Идея, пришедшая мне в голову, была проста, как все гениальное. Я решил вымыть ровно половину камеры, зная, что, когда в десять тридцать дежурный надзиратель придет проверять санитарное состояние помещений, невымытая половина непременно покажется ему грязной по сравнению с тем участком, который я чуть не языком вылизал. И, по моим расчетам, этого — да еще грязной миски на полу — должно было быть вполне достаточно, чтобы Кроули получил серьезный втык. За себя я не боялся — все надзиратели уже давно знали, какой я чистюля.
Я был почти счастлив, что мне в голову пришла эта светлая мысль, и, не щадя коленей, усердно ползал на карачках, налегая на щетку всем своим весом. Дойдя до середины камеры, я поменял воду и начал сначала, но возле грязной тарелки Кроули остановился. Подняв посудину с пола, я тщательно вымыл ее и убрал. Кроули тем временем перешел на чистую половину камеры, и я продолжил работу с еще большим воодушевлением.

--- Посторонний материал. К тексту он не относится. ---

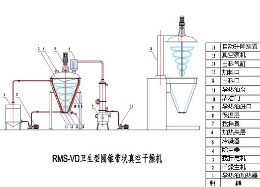 三、工作原理 加熱錐體設(shè)有加熱夾套,熱源為熱水、導(dǎo)熱油或低壓蒸汽,從而能使錐體內(nèi)壁保持一定的加熱溫度。工作時(shí),在真空泵的作用下,機(jī)內(nèi)保持一定的真空條件。傳動(dòng)系統(tǒng)帶動(dòng)螺旋帶狀攪拌裝置旋轉(zhuǎn),物料在攪拌的作用下在設(shè)備內(nèi)部不斷地翻動(dòng),并與錐體內(nèi)壁充分接觸,實(shí)現(xiàn)熱量傳遞,從而使物料內(nèi)部水分不斷蒸發(fā),水蒸汽由真空泵引出,經(jīng)冷凝器收集。干燥完成后,打開下部的出料閥出料。
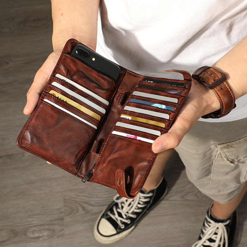 • Handmade Black Leather Mens Bifold Long Wallet Brown Multifunction Wallet Phone Wallet Card Holder Clutch Men
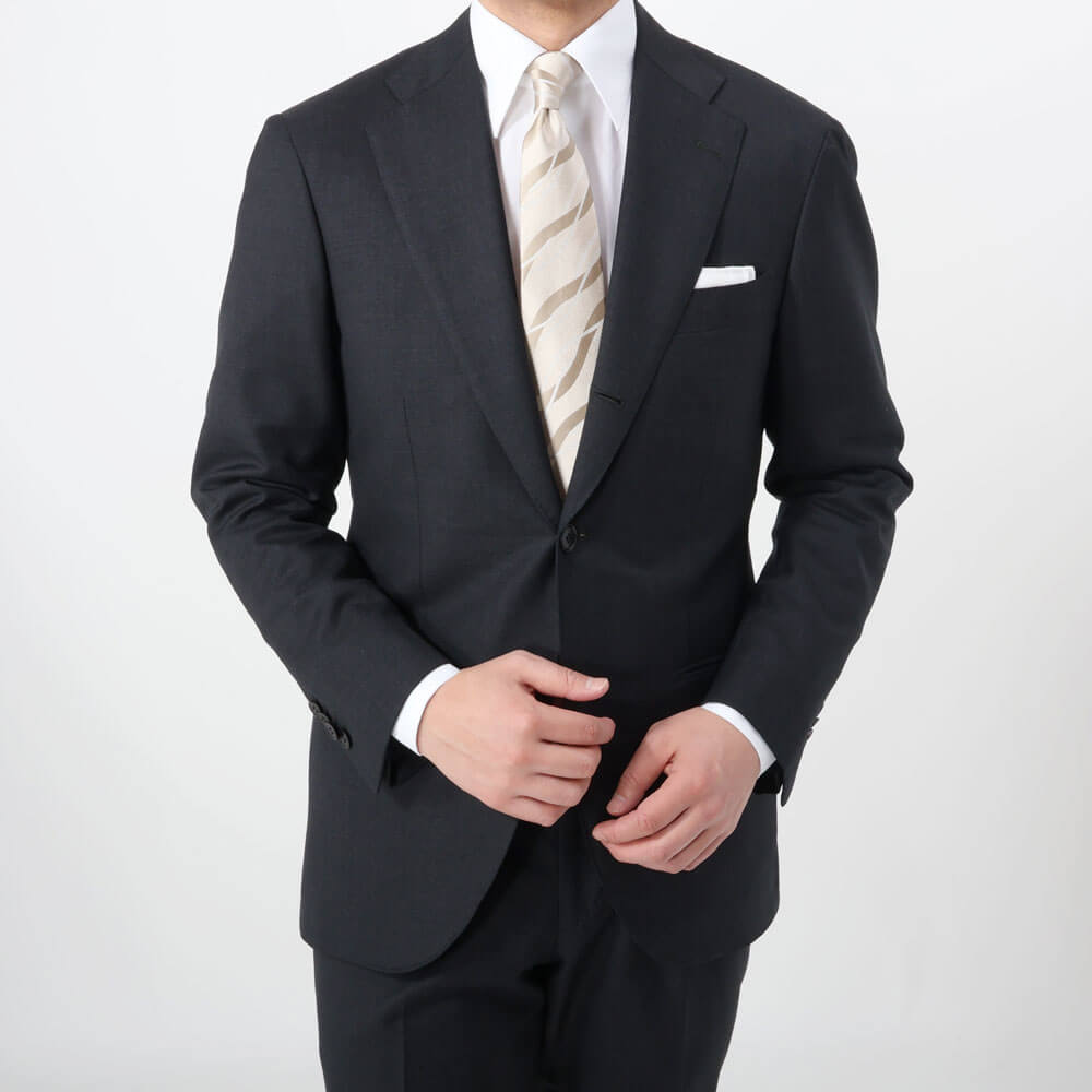 ・「Holiday & Brown(ホリデーアンドブラウン)」をBRでは7.5センチのネクタイ幅で展開。ほんのりモード感あるスマートなVゾーンをお楽しみ頂けます。2色のラインナップ。
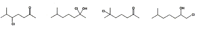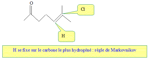 Le traitement de la 6-méthylhept-5-ène-2-one par l''acide chlorhydrique conduit à un dérivé chloré C8H15ClO. Quelle est sa formule semi-développée ?
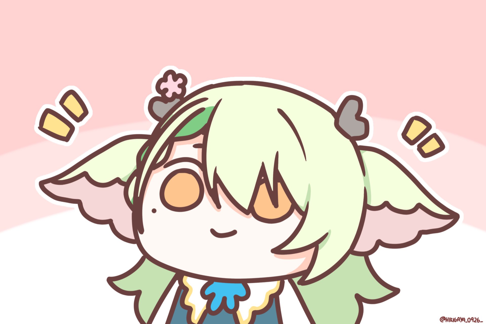 1girl animal_ears antlers ceres_fauna chibi closed_mouth green_hair hair_between_eyes highres hikigaya_0926 hololive hololive_english horns looking_at_viewer mole mole_under_eye orange_eyes short_hair solo twitter_username upper_body virtual_youtuber
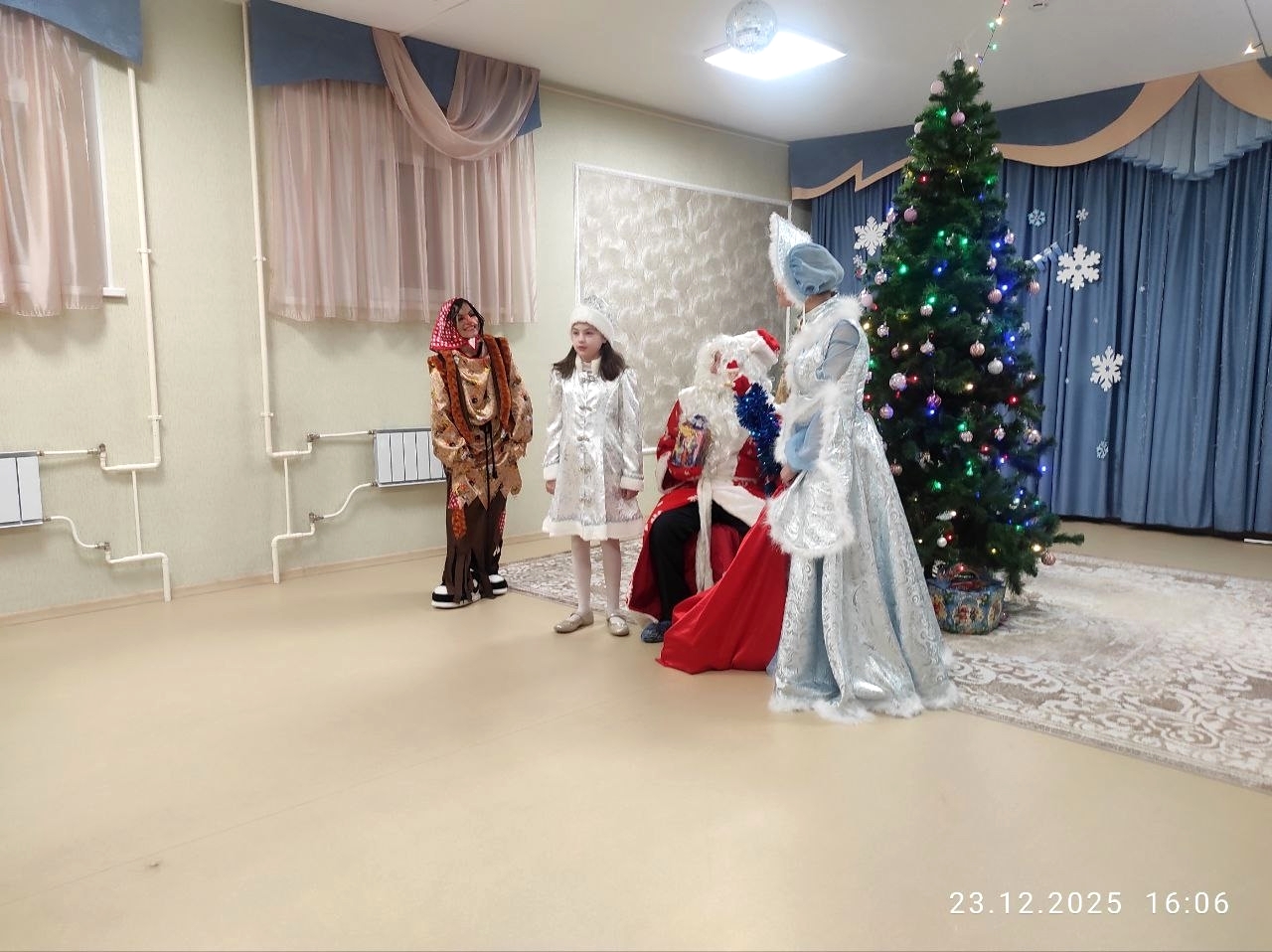 Нотариус Солнечного Олеся Кушнова в роли Снегурочки, а сотрудники нотариальной конторы – в роли Деда Мороза и Бабы Яги совместно с представителями сургутского центра «Наследие» поздравили с праздниками детей из семей, попавших в трудную жизненную ситуацию на детском утреннике, организованном в Сургутском районном центре социальной помощи семьей и детямв поселке Барсово.

Когда я закончил, пол выглядел идеально. Весь. И не спрашивайте почему…
Убрав щетку и ведро, я присел передохнуть. Сначала я пытался убедить себя в том, что должен испытывать удовлетворение, оттого что утер нос этому ленивому уроду, но очень скоро понял, что никакого удовлетворения я не чувствую. Скорее наоборот. Кроули использовал меня, сделал из меня мальчика на побегушках… Да как он посмел?!
Я поднял голову и посмотрел на него с угрозой, но Кроули молчал, и я остался сидеть. Черт с ним, в конце-то концов! Я просто не буду с ним разговаривать, и это будет моя маленькая месть. Пусть этот бесполезный ублюдок сгниет заживо, если ему так хочется — ни словечка ему не скажу!
Некоторое время спустя я спросил:
— Ты на чем подзалетел?
Кроули вопросительно поднял на меня взгляд.
— За что тебя загребли? — повторил я.
— За бродяжничество.
— За «без средств к существованию», или за «без определенного места жительства»?
— «Без средств».
— И сколько тебе припаяло пугало в черном?
— Я еще не представал перед судьей и не знаю, сколько за это дают.
— Значит, ты ждешь суда?
— Да. Заседание назначено на пятницу, но я должен выйти отсюда раньше.
Я рассмеялся.
— У тебя есть адвокат? Сколько ты ему платишь?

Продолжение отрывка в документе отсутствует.